Your copy should begin at the line containing "TB/T 3123.9-2009 铁路行车事故救援设备" and end at the last line of the records; transcribe those lines exactly and leave out every picture.

Extracted data entries:
★ ★ ★ ★ ★

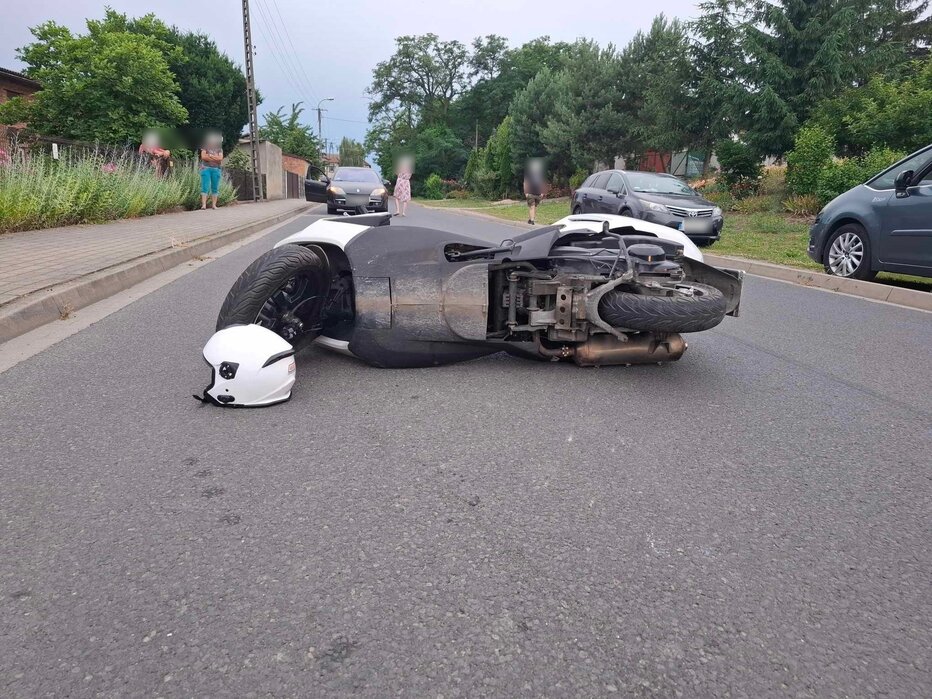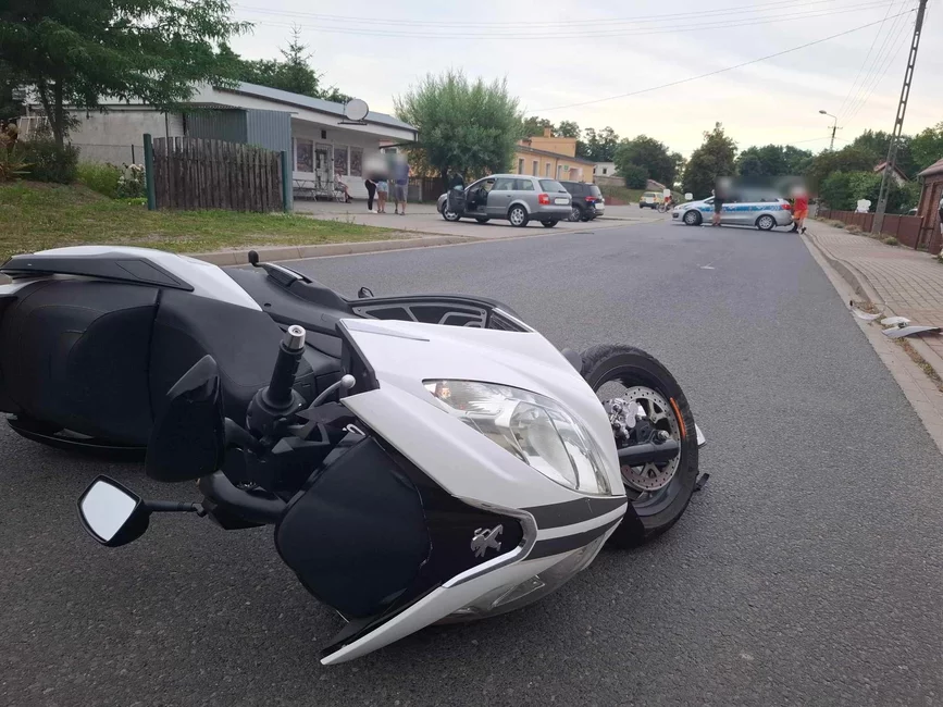 Do wypadku doszło we wtorek, około godziny 20. na ul. Leśnej w Nietążkowie. Kierujący samochodem marki Audi, 30-letni mieszkaniec gminy Śmigiel, wyjeżdżając ze sklepowego parkingu nie upewnił się co do możliwości bezpiecznego wykonania manewru cofania i doprowadził do zderzenia z jadącym ulicą motocyklem. W wypadku ucierpiał 10-letni pasażer motocykla.
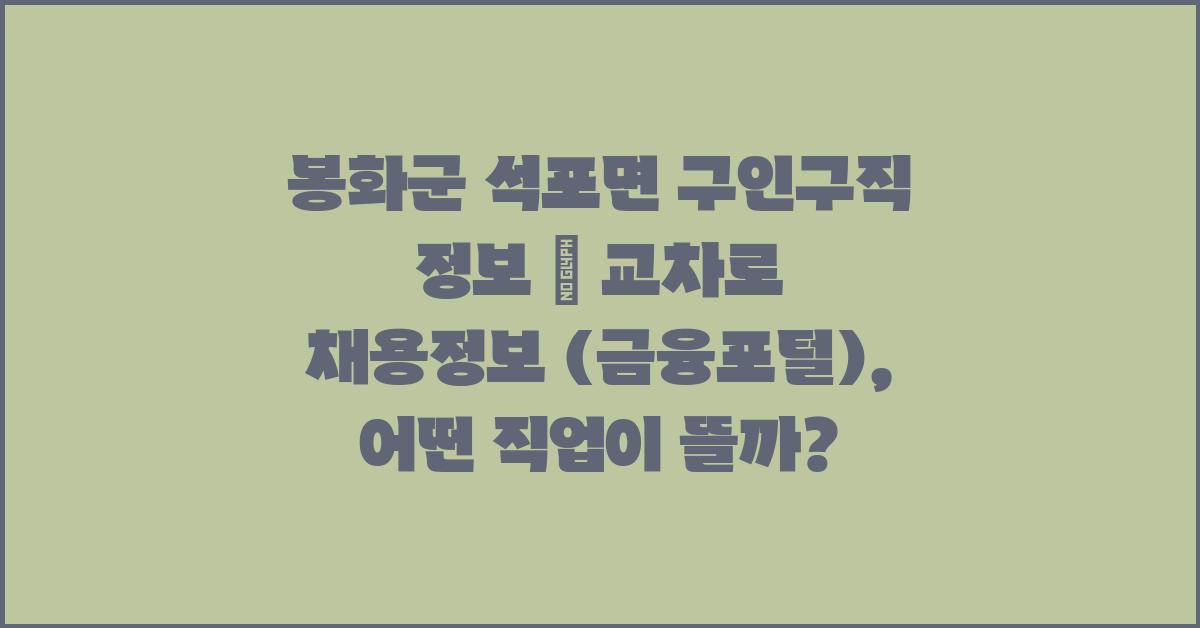 A: 봉화군 석포면 구인구직 정보는 교차로 채용정보 (금융포털)에서 쉽게 확인하실 수 있습니다.
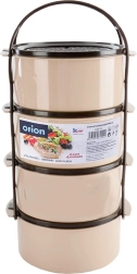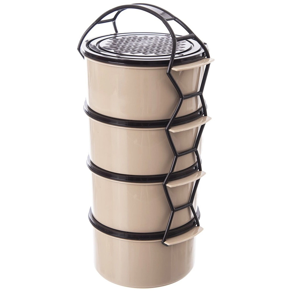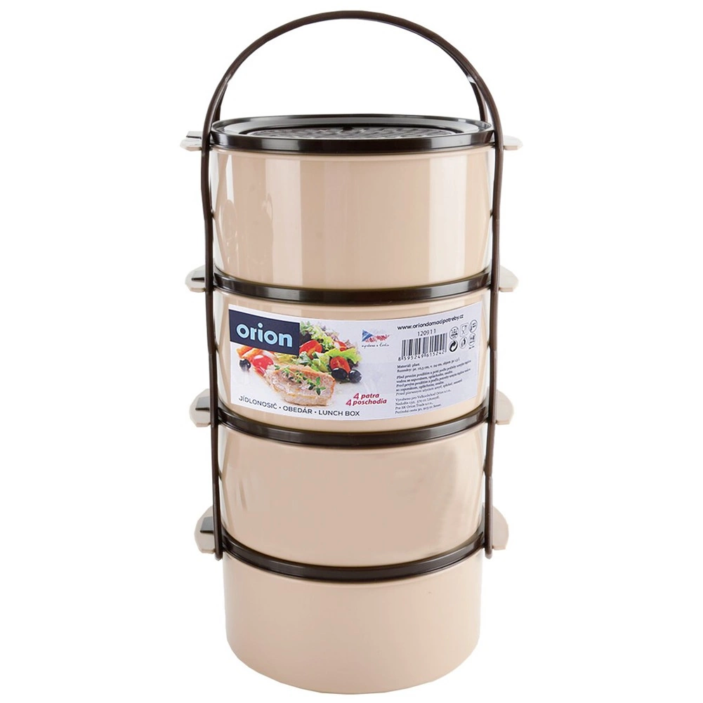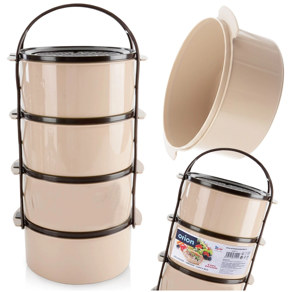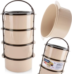 Práctica fiambrera de cuatro pisos con capacidad de 4×1,5 l para separar los platos de forma clara. Dispone de recipientes apilables con tapas, un marco portante con asa resistente y un diseño duradero en color beige‑marrón. Apta para lavavajillas, nevera, congelador y para microondas sin tapas.
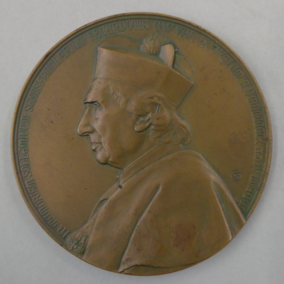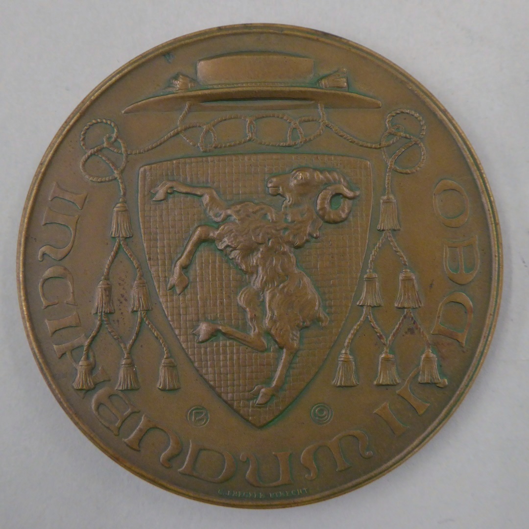 Gedenkpenning vijftigjarig priesterjubileum Mgr. G.W. van Heukelum met diens portret, kz. wapen
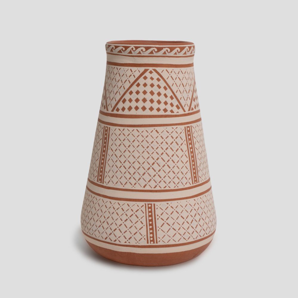 El Florero Patambán es una obra de arte elaborada con barro de la meseta purépecha. Su estilo y decorado hacen referencia al distintivo y reconocible estilo del pueblo de Patambán. Cada detalle del diseño ha sido cuidadosamente trabajado a mano alzada, reflejando la pasión y el talento de los artesanos locales. Este florero es más que una simple pieza decorativa; es un testimonio del legado cultural y la habilidad artesanal de la comunidad de Patambán.
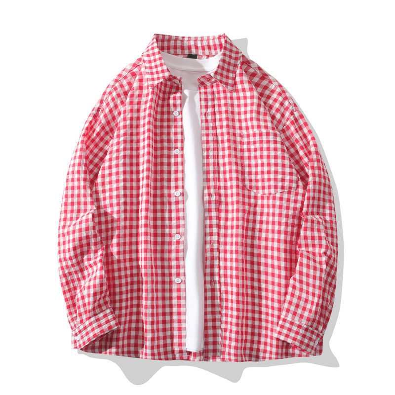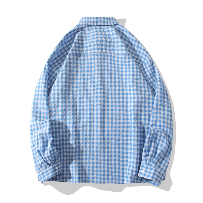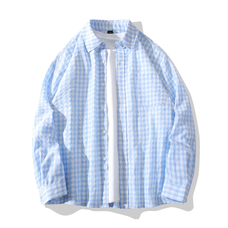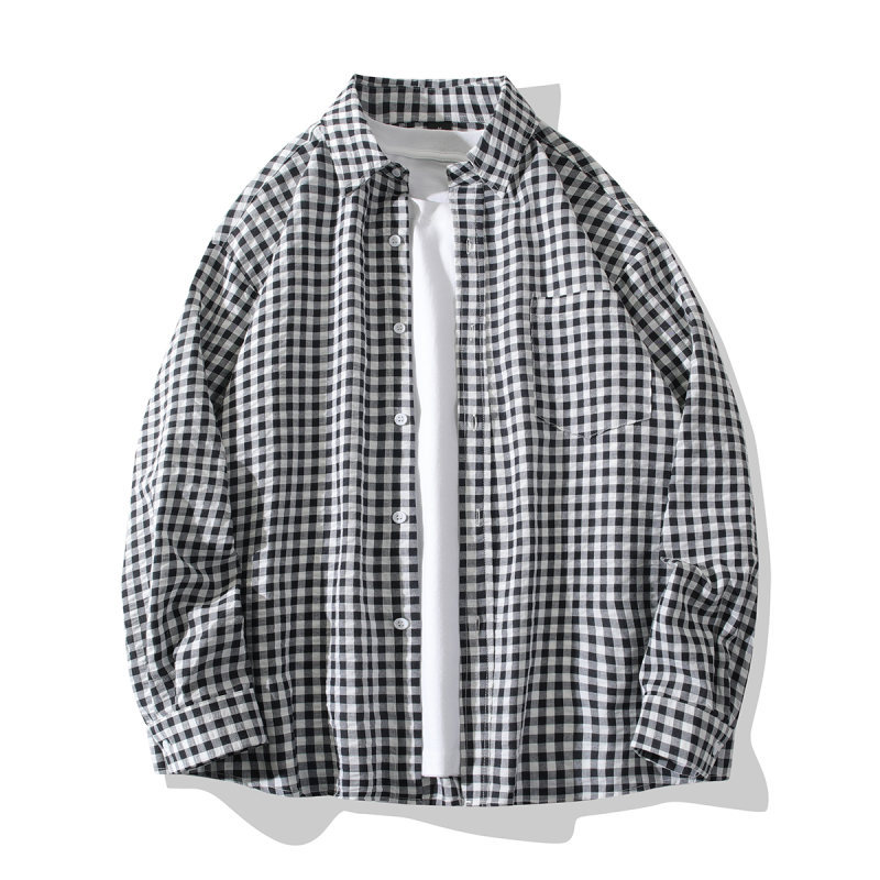 2024 새로운 남성 격자 무늬 긴팔 셔츠 유행 브랜드 유행 작은 신선한 얇은 느슨한 캐주얼 셔츠 재킷스토어 가기
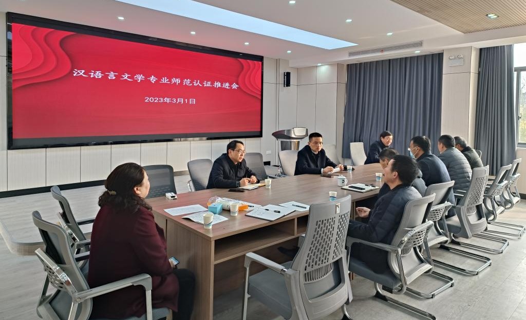 为进一步推进买球官网师范专业认证工作,加强汉语言文学专业内涵建设,3月1日下午,学校在博物楼视听实训室召开汉语言文学专业师范认证工作推进会。党委委员、副院长吕刚出席会议并讲话,教务处、发展规划处、文学与传媒学院、汉语言文学专业负责人及有关骨干教师参加会议。
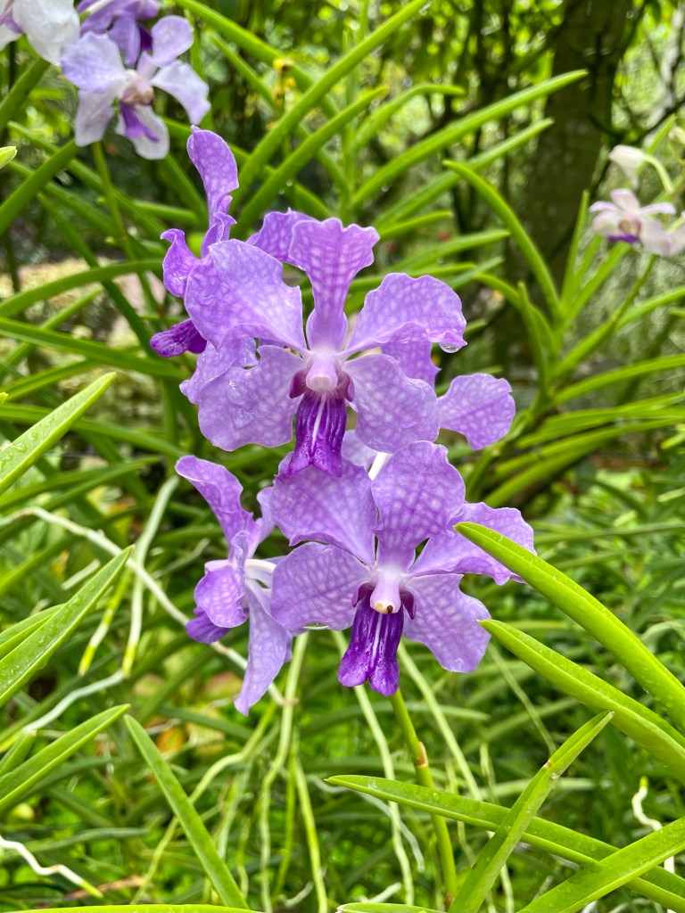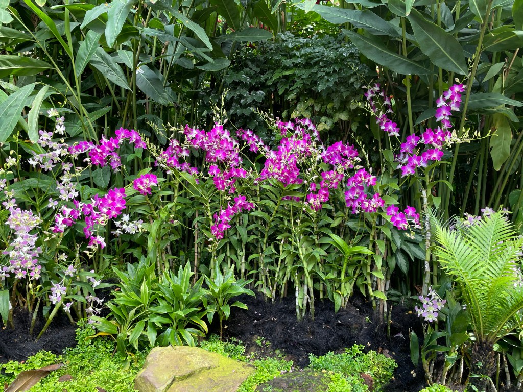 We were on our way out of the orchid gardens when we met. From a distance she looked like a pink blob.
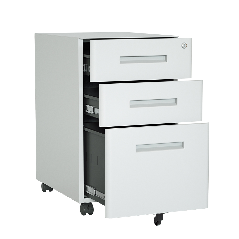 This office mobile file cabinet has cambered corner design, which can better integrate into the office surroundings, and it conductive to a comfortable working feeling. Extended handle for easier use. The powder coating on the surface is wear-resistant and durable. This is a reliable and necessary office furniture.
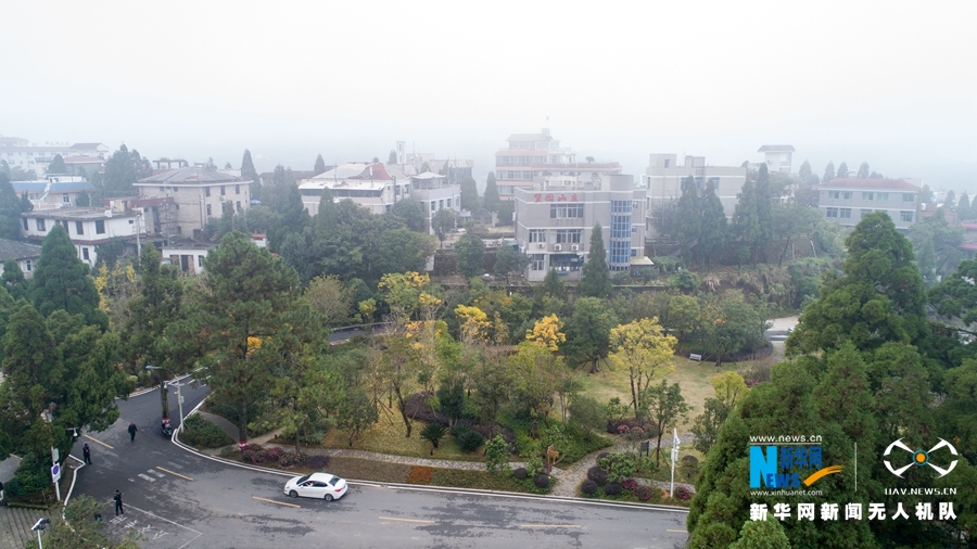 鼓嶺宜夏村,民居和樹木籠罩在濃霧中(11月6日無(wú)人機(jī)拍攝)。新華網(wǎng) 肖和勇 攝
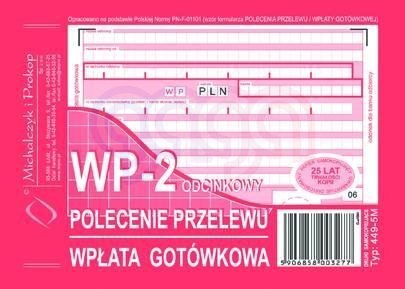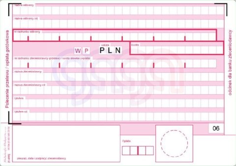 Bloczek poleceń przelewu (w dwóch egzemplarzach) w formacie A6, 80 kartek.
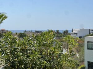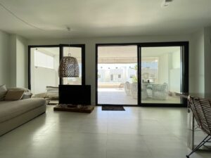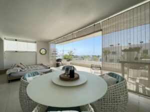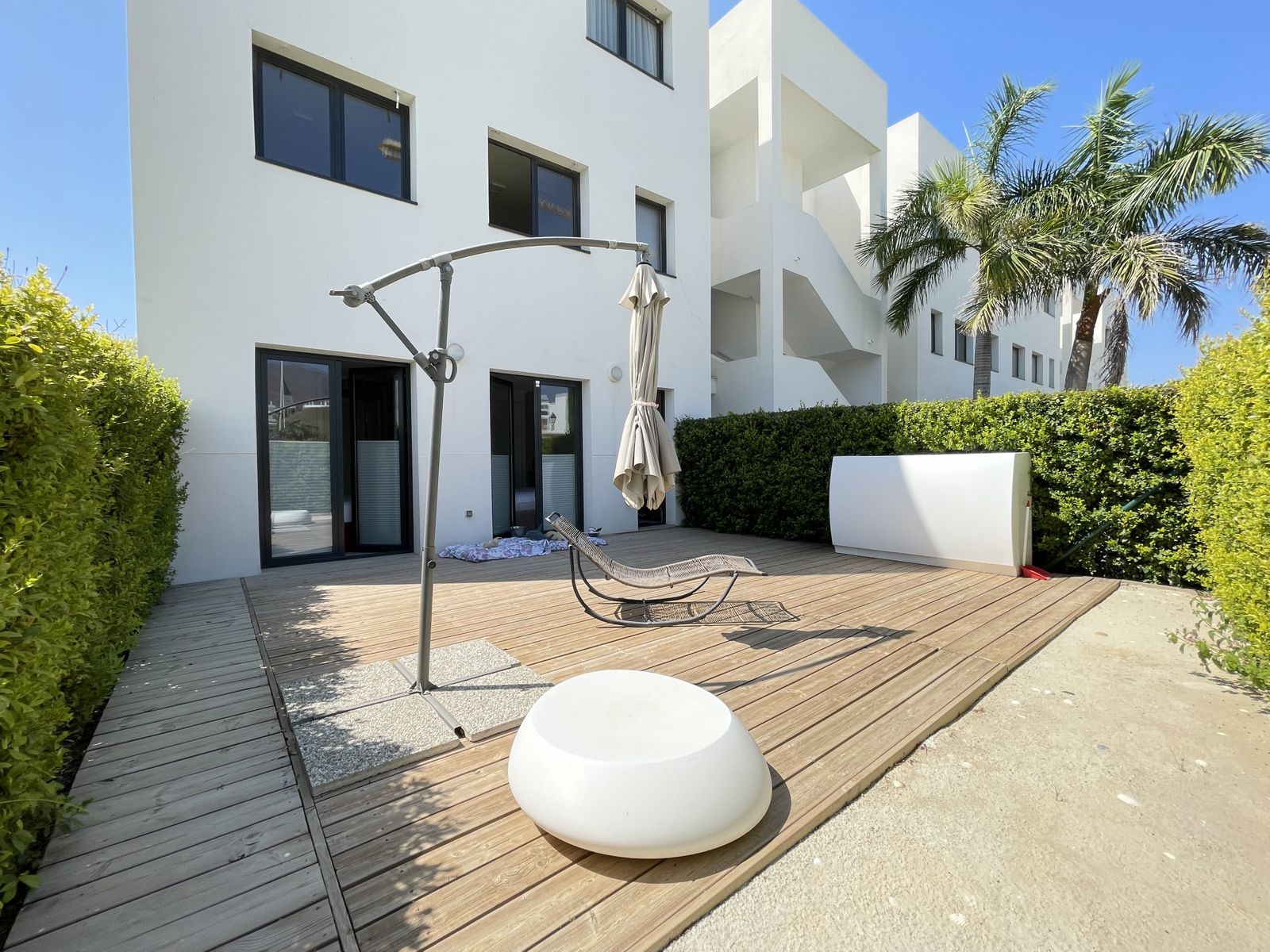 It has two bedrooms and two bathrooms, ideal for both families and couples who value space and functionality. The apartment has a 45m² private terrace and a 45m² ground floor patio, both perfect for enjoying the Mediterranean climate, the sun and the partial sea views. The property has a fully equipped open-plan kitchen, separate laundry area, air conditioning and built-in wardrobes that optimise the use of space.
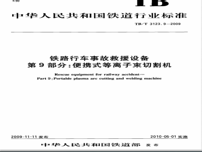 TB/T 3123.9-2009 铁路行车事故救援设备 第9部分:便携式等离子束切割机 TB/T3123.9-2009 标准下载解压密码:www.bzxz.net
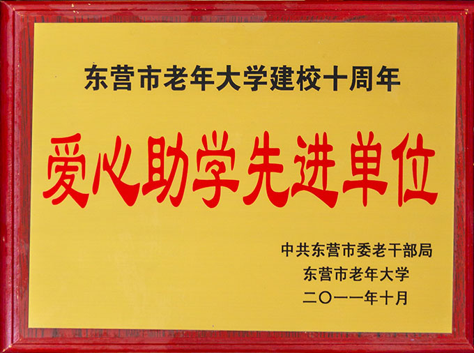 東營市老年大學建校十周年愛心助學先進單位

★ ★ ★ ★ ★

*Exercise result*.
 TB/T 3123.9-2009 铁路行车事故救援设备 第9部分:便携式等离子束切割机 TB/T3123.9-2009 标准下载解压密码:www.bzxz.net
 東營市老年大學建校十周年愛心助學先進單位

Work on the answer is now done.